I believe Harrison received the very best care during his short time with us, the NICU staff were nothing short of amazing.
What came after made me feel like we were simply being difficult and that absolutely no one had even the slightest idea about what to do with our issues. In fact we were made to feel like we should simply move on and forget about what happened. Having to watch Kerri repeatedly relive the death of our baby boy over the telephone to every person that wanted to know what the issue was cut deeper than almost anything I have experienced. As her husband I always feel like I should have the answers, I should be able to help, I should be able to protect her and I should never let my wife suffer like this. I could do none of these things, I was completely useless as far as I saw it. All I desperately wanted was a direction so that I could get us back on track again.
I don’t know if it’s just because I’m a man or just because I’m very logical with how I process everything but trying to comprehend what had just happened was extremely difficult. Part of me wanted to bury the memory of what happened but I needed to remember everything I could as we only had 16 days with our precious little man.
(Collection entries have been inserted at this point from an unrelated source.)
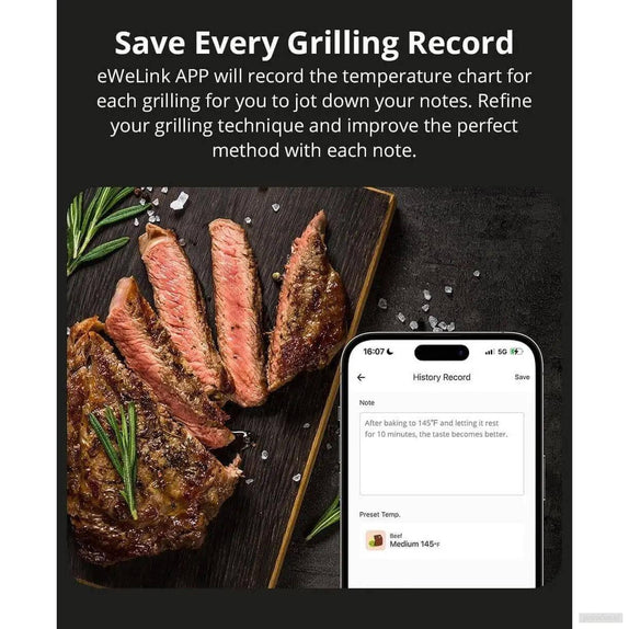 Aplikacija eWeLink beleži temperaturni graf za vsako peko, kjer lahko dodate svoje opombe. Izpopolnite svojo tehniko pečenja z vsakim zapisom.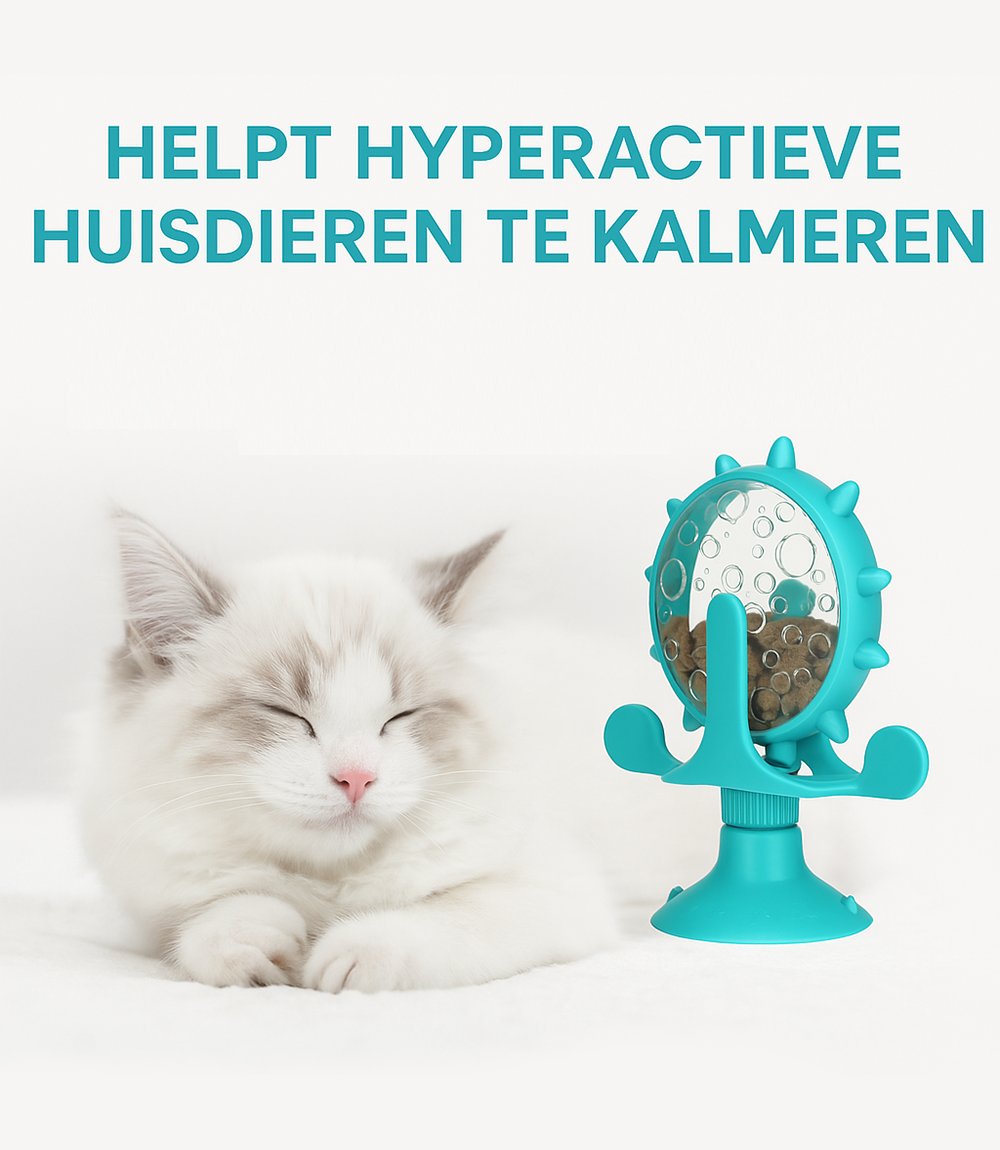 De SnoepSpin helpt drukke of snel overprikkelde huisdieren tot rust te komen. Door het spelenderwijs eten krijgen ze focus en ontspanning, wat stress en verveling vermindert. Een kalme geest begint bij een leuke uitdaging!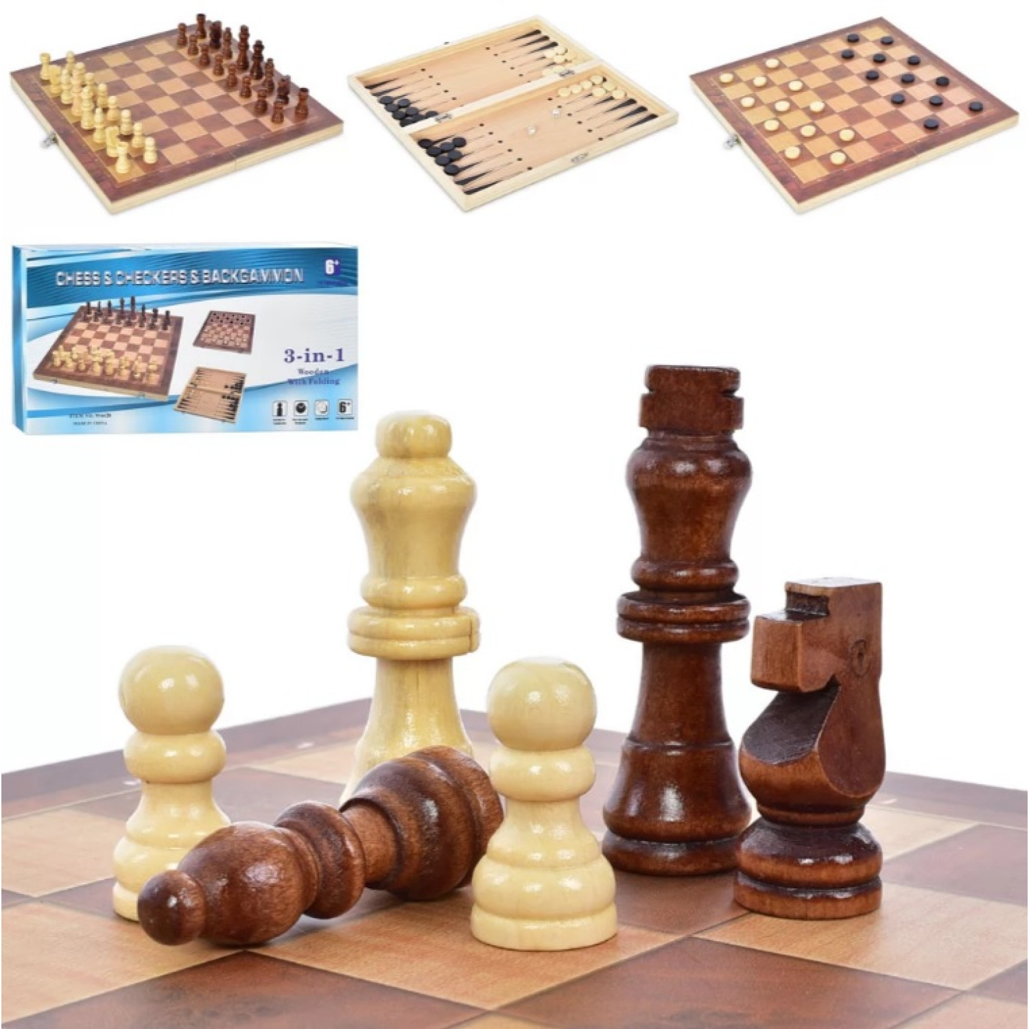 Шахи 34-34см, дерев'яні, 3в1(шашки, нарди), в кор-ці, 34-17,5-4см /12/

Watching everything that Kerri was going through made up my mind. I couldn’t relive that memory over the phone, I simply couldn’t tell our story to a complete stranger on the off chance they might know someone that could possibly, maybe, sort of, help. Being made to feel that weak meant I did the only thing I could and that was to lock those feelings up and hope to deal with them if and when I eventually can. That was months ago, I was back at work within weeks and everything was exactly as it was before I left. Not having an easy route to any form of support meant it just seemed like too much trouble. Dealing with it later was always an easier option and it’s now been so long that the any unresolved feelings are just muddied by day to day life.
If help isn’t given when the events are happening then you will be fighting a much harder battle. What could possibly have been achieved in the months after Harrison’s death will now take me many years to resolve. Help at the right time could have such a big impact on the bereaved as well as providing a cost saving to our NHS in the long term.
Kerri’s advice for bereaved parents
Talk about your babies, if and when you’re ready to. They deserve to be spoken about, you deserve to be a proud parent, and anyone who cares about you will be delighted to hear about your child.
Fill your house with memories of them, no matter how big or small they are. If you don’t have pictures or scans, even seeing their name in print, or on a feather in a frame is a source of comfort.
I found the best place to get peer support was Instagram. I have an amazing support network of Mummies and Daddies who share their beautiful lost babies, talk about Harrison in a positive way, remember anniversaries, write his name in the sand, light candles for him, and say his name. This amazing community has built a safe space for people to talk about all aspects of baby loss, and share the pictures that others may be uncomfortable to see. I’ve made some hopefully lifelong friends from this heart-breaking situation. I also found some amazing baby loss blogs through this platform.
Don’t be afraid to ask for help. Some areas have bereavement counselling offered for free by places like The Co-op Funeralcare. I wasn’t signposted to this service, I don’t think my hospital even knew about it, another loss Mum knew where to look, and sent me their details.
Be kind to yourself and take your time to grieve, but know that it’s still ok to find ways to smile again. I’ve promised myself to live the best possible life I can, for Harrison, because I feel I owe him that. I will live FOR him and I will say his name as often as I can.